GEVO: Memory-Efficient Monocular Visual Odometry Using Gaussians
Dasong Gao, Peter Zhi Xuan Li, Vivienne Sze, Sertac Karaman
TL;DR
GEVO tackles memory and energy limitations in monocular GS-based SLAM by rendering past views from a compact Gaussian map instead of storing numerous images, thereby mitigating memory overhead on mobile devices. It introduces occupancy-preserving initialization to prune occlusions and consistency-aware optimization to prevent overfitting, enabling high-fidelity maps despite not retraining on stored past imagery. Across Replica and TUM-RGBD datasets, GEVO achieves comparable rendering and localization accuracy while reducing overhead to about 58 MB, up to 94x lower than prior methods, making GS-based SLAM feasible on energy-constrained platforms. The approach paves the way for real-time, dense, photo-realistic mapping on devices with tight memory budgets, balancing fidelity and practicality for AR/VR and mobile robotics.
Abstract
Constructing a high-fidelity representation of the 3D scene using a monocular camera can enable a wide range of applications on mobile devices, such as micro-robots, smartphones, and AR/VR headsets.

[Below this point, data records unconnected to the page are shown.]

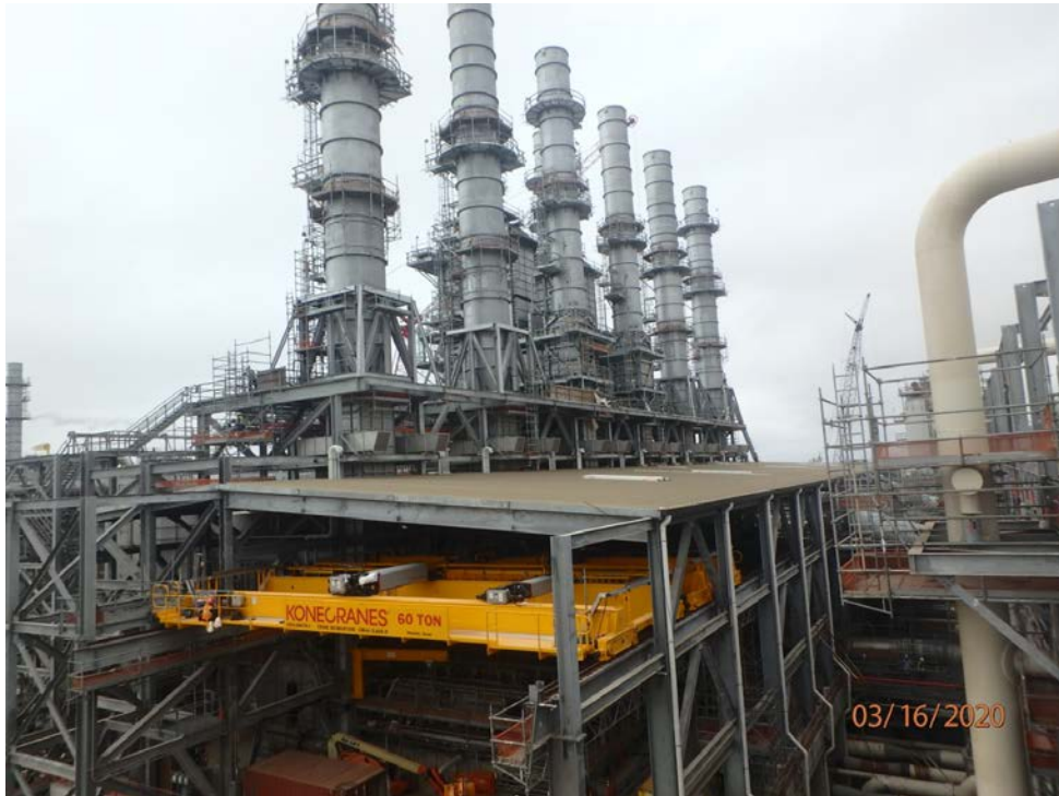
Train 3 - Roofing at compressor shelter and bridge cranes installed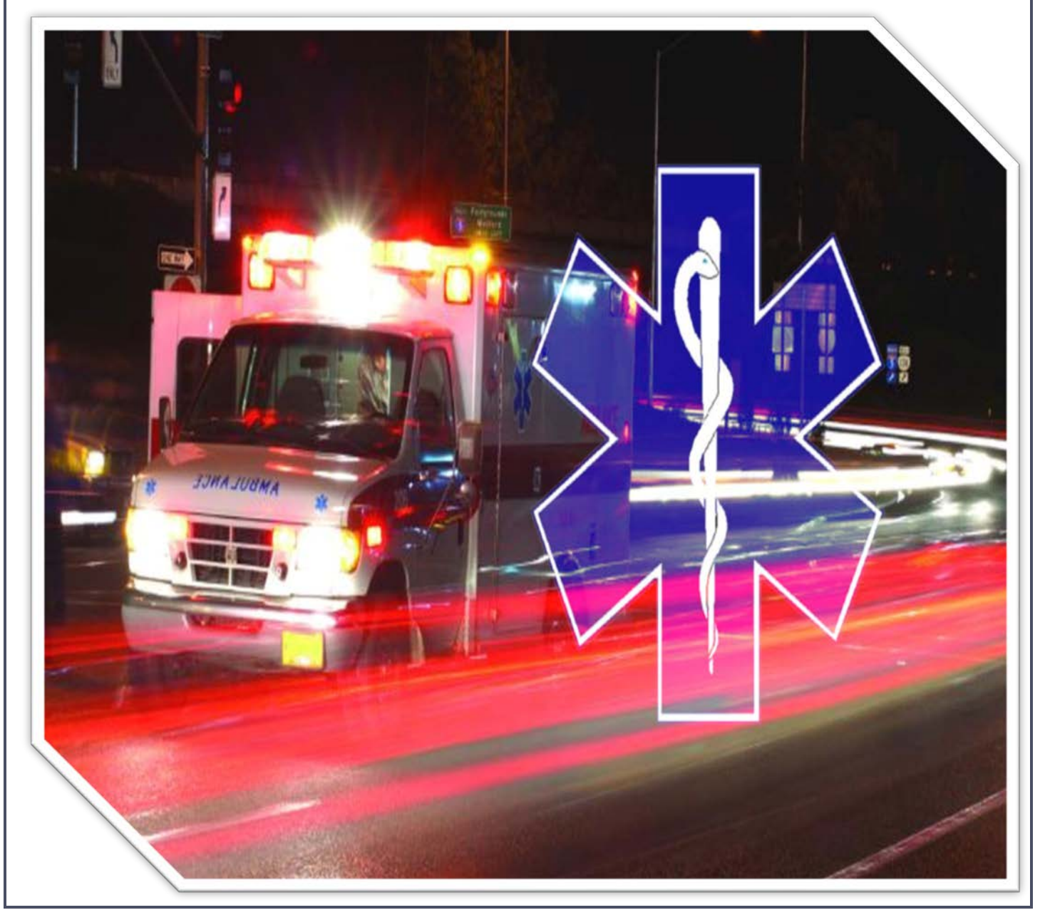
West Virginia Office of Emergency Medical Services Certification Policies 2019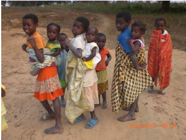
Young carers. Kibokolo District

Readers of our newsletters would certainly know that the school we plan to establish will be located in a rural area in Northern Angola. Here we give you a pictorial feel of the region, its people, opportunities and challenges.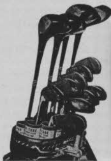
Oval or Round Type Bags

PAR TUBE— 5710 W. DAKIN ST., CHICAGO 34, ILLINOIS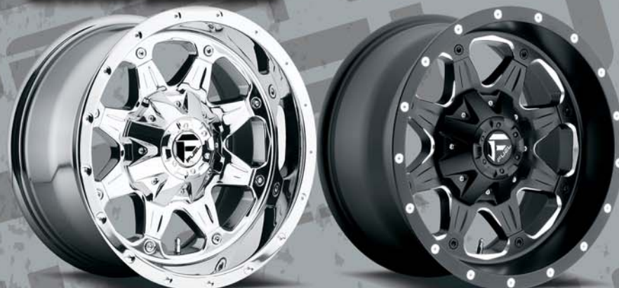
d-533 PVD 17x9, 17x9 DL, 18x9, 18x9 DL 20x9, 20x9 DL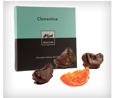
Maglio Clementine 3KG Loose / 65G Box / 170G Box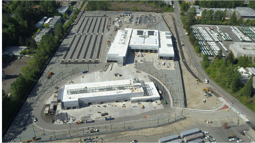
Operations & Maintenance Facility East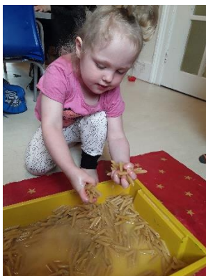
Pasta Play SW

On these devices, memory is often limited in capacity and its access often dominates the consumption of compute energy. Although Gaussian Splatting (GS) allows for high-fidelity reconstruction of 3D scenes, current GS-based SLAM is not memory efficient as a large number of past images is stored to retrain Gaussians for reducing catastrophic forgetting. These images often require two-orders-of-magnitude higher memory than the map itself and thus dominate the total memory usage. In this work, we present GEVO, a GS-based monocular SLAM framework that achieves comparable fidelity as prior methods by rendering (instead of storing) them from the existing map. Novel Gaussian initialization and optimization techniques are proposed to remove artifacts from the map and delay the degradation of the rendered images over time. Across a variety of environments, GEVO achieves comparable map fidelity while reducing the memory overhead to around 58 MBs, which is up to 94x lower than prior works.